Эти четверо и еще, конечно, Луиджи Дзампа стали в 40-х годах XX века символами новой эпохи, нового стиля в кинематографе. Их фильмы как кинопрожектор высветили тяжелые, неприглядные стороны народной жизни, обратились к настоящим, живым людям, живущим по соседству, показали «маленького человека» таким, какой он есть — без опоры на раз и навсегда утвержденный сценарий.
«Кое-кто мог бы подумать, — говорил Де Сика, — что в один прекрасный день все мы — Росселлини, Висконти, я и другие — сели за столик в каком-нибудь кафе на Виа Венето и решили: давайте создадим неореализм. Нет, это было далеко не так. Мы почти не были друг с другом знакомы... Каждый жил сам по себе, размышлял, надеялся по-своему. И, тем не менее неореалистическое кино вылилось в широкое коллективное движение».
Если говорить об основных принципах неореализма, то лучше всего обратиться к первоисточнику. Роберто Росселлини в «Беседе о неореализме» так определяет его базовые черты: обостренное любопытство к отдельной личности, документальная манера наблюдать и анализировать, обращение к фантазии, религиозность и хоральность. Иногда вообще говорят, что неореализм — чуть ли не кино бедняков, которые снимали на дешевую пленку людей с улицы в естественной среде.
Как же было на самом деле?
Росселлини утверждал: о «железном сценарии» имеет смысл говорить тогда, когда имеешь дело с фильмом развлекательным.
«Когда же речь заходит о реалистическом кино, таком, расцвет которого мы наблюдаем в Италии, которое поднимает проблемы и ищет истину, — здесь руководствоваться теми же критериями нельзя. Тут главную роль играет вдохновение. И “железным” должен быть уже не сценарий, а фильм», — говорил он.

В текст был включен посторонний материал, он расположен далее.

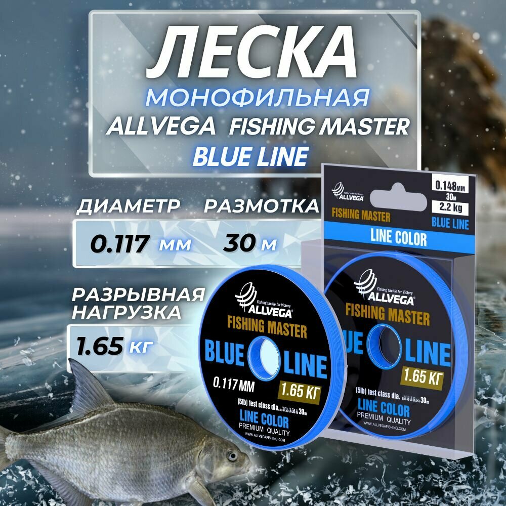 Купить Леска монофильная ALLVEGA "Fishing Master" 30м 0,117мм (1,65кг) голубая

Сегодня в среде российских кинематографистов то и дело приходится слышать стенания по поводу недостатка средств, отсутствия должной господдержки отрасли.

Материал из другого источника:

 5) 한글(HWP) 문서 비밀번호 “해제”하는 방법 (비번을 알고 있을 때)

Так, независимый продюсер Елена Яцура, говоря в интервью «Эксперту» о ситуации в современном российском кино, напоминает: за рубежом дебют — личное дело режиссера. Дебютанты сами находят первые сто-двести тысяч долларов, чтобы снять свой фильм и доказать, что они таланты — безо всяких подачек, подчеркивает она.
По сути, похожая ситуация была и у неореалистов в 40-е: они снимали свои фильмы в условиях жесточайшего финансового дефицита — о господдержке и грантах не могло быть и речи.
Какие же экономические и политические процессы способствовали появлению неореализма? Существовала ли господдержка новых творцов? Какое влияние оказал советский кинематограф на итальянский неореализм? И возможно ли сегодня появление на российской почве кинематографистов, способных предложить нашему кино и зрителю другие — новые или, наоборот, хорошо забытые старые — эстетические принципы?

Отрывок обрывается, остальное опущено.